Cartoon characters are not real, and neither are Krugman’s claims. While we all hearken back to when we were kids, the facts are always not what they seem. Krugman is 59 years old and his glory days were in the early 1960s – the Mad Men years. These were the years of Camelot, and moon launches. Of course they were also the years of VietNam – though we really did not pay much attention to the war until after Tet in 1968. In Krugman’s wonder years you could not get strawberries at any time of the year, you rarely experienced the wonder of air conditioning, and if you were lucky there were 4 channels on your TV.

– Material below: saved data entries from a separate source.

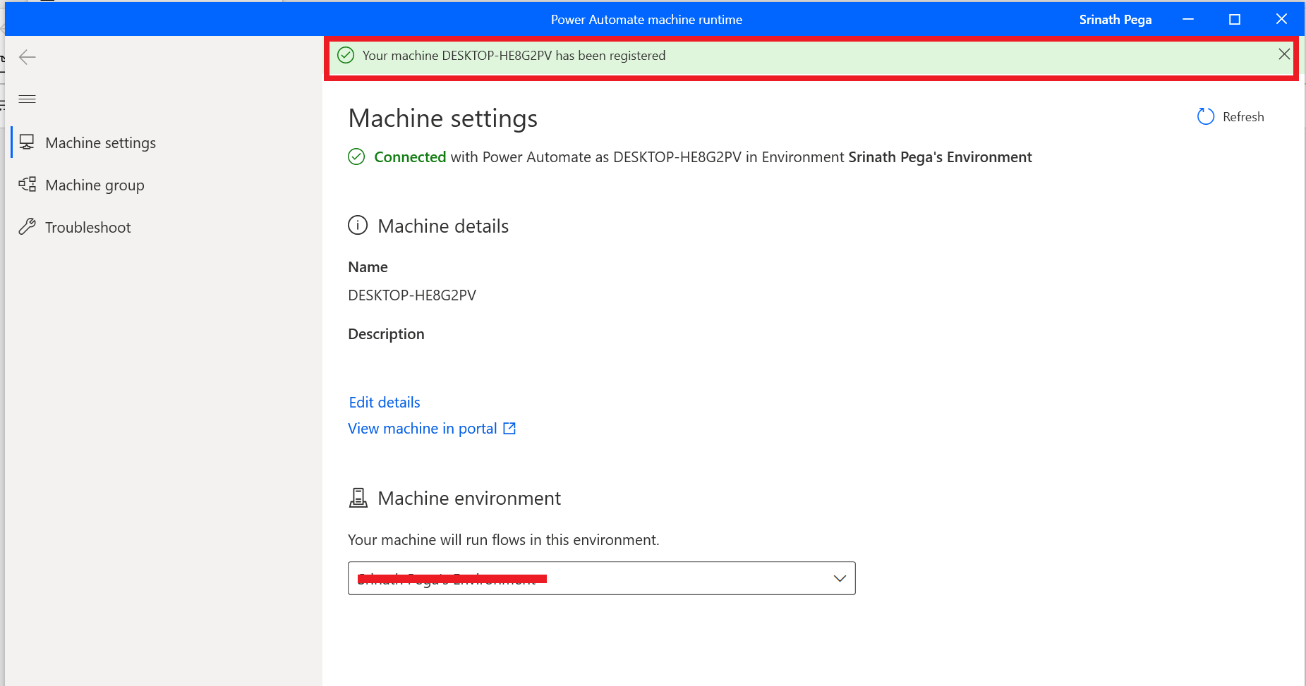 4. it will open the Power Automate machine runtime app. and the environment will auto register with the system.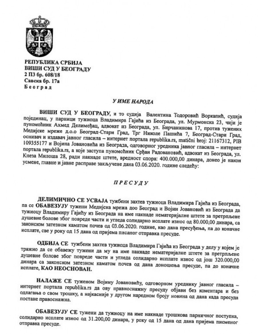 Redakcija portala Republika objavljuje presudu Višeg suda u parnici koju je tužilac Vladimir Gajić pokrenuo protiv Medijske mreže d.o.o.
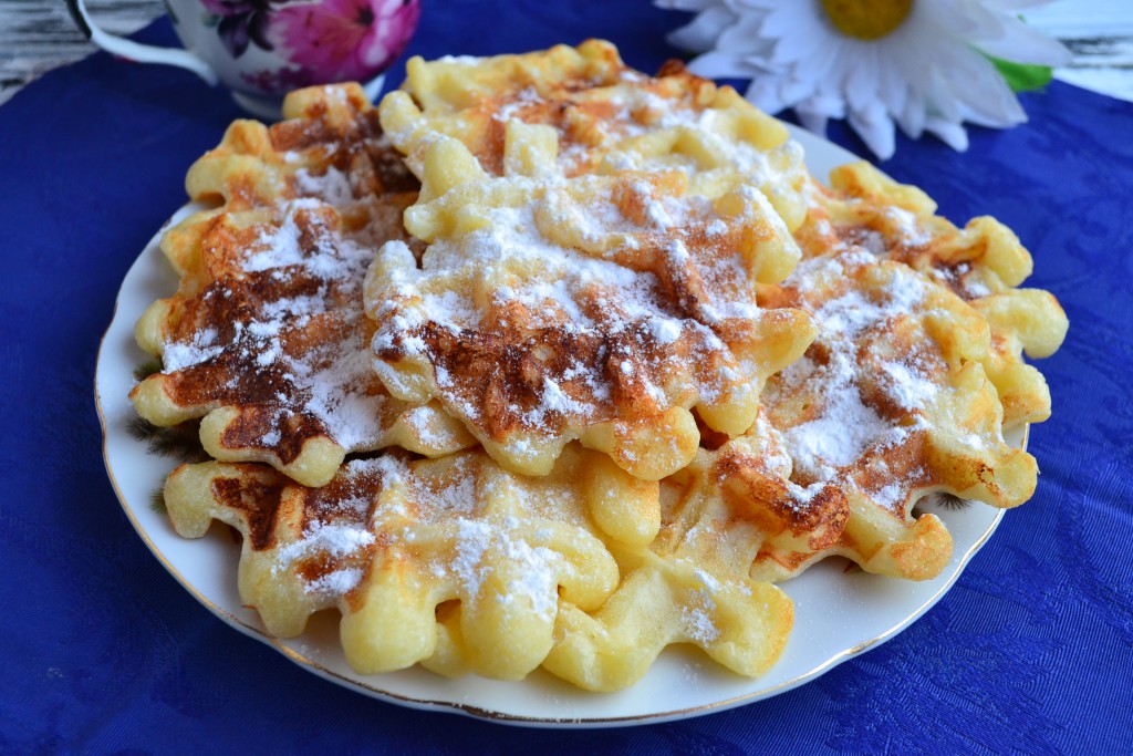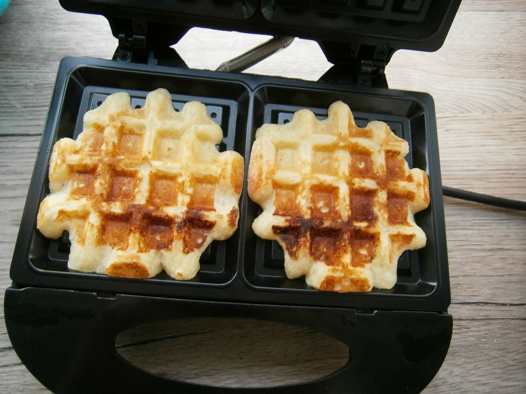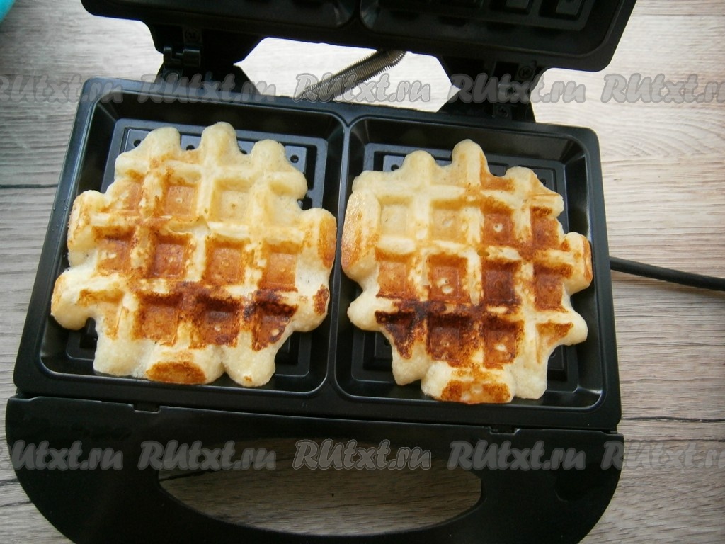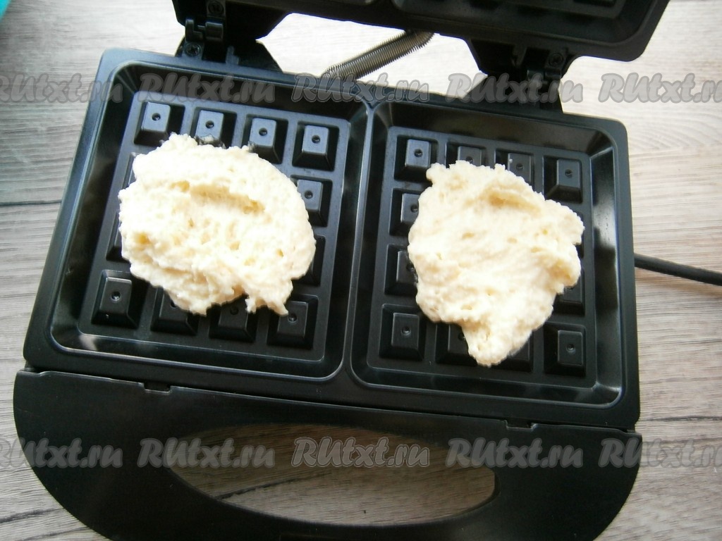 Вафельницу хорошо разогреть. Выкладывать по 2 столовые ложки теста, немного его разравнивая, крышку закрыть.

Subjective memory is one thing, but subjective statistics are another. In Krugman’s case, the claim that labor was better compensated in the glory days is simply not correct. Examining data from the Bureau of Economic Analysis, it is easy to see that the percent of national income going to capital has remained pretty constant since Krugman’s glory days, peaking in 1989 at just under 27 percent. More recently the percentage of national income going to capital is closer to 22 percent. This does not tell all of the story. In fact, as more and more individuals have entered the stock market, and as more people rely on pension income – that in part comes from capital investment – a much larger portion of middle class income is actually capital income.
The interesting statistic is the one that Krugman fails to mention. The percentage of national income made up of government transfer payments has literally exploded since his glory days, rising from just 5.6 percent the year Krugman was born to a whopping 27.4 percent last year. Knowing the good doctor’s twisted use of statistics, I’m amazed that he has not claimed that his birth led to the growth in the Welfare State. Interestingly, as government transfer payments have grown, wages have fallen.
Part of this shift is demographic – the population has gotten older over this period and a larger share is reliant on Social Security, but the real truth is that the Welfare State is crowding out work. From and economics perspective this makes sense. As the growth of entitlements have made more marginal employment a poor choice for the less educated and qualified, they have turned to welfare, and abandoned work. Employers will only pay up to the marginal productivity of workers – and since workers can substitute welfare for work at a price point higher than their marginal productivity they do.
The real issue is not that low taxes on capitalists have pushed wages down – it’s that high taxes on capital, and incentives not to work have led to a shift from labor income to rent seeking.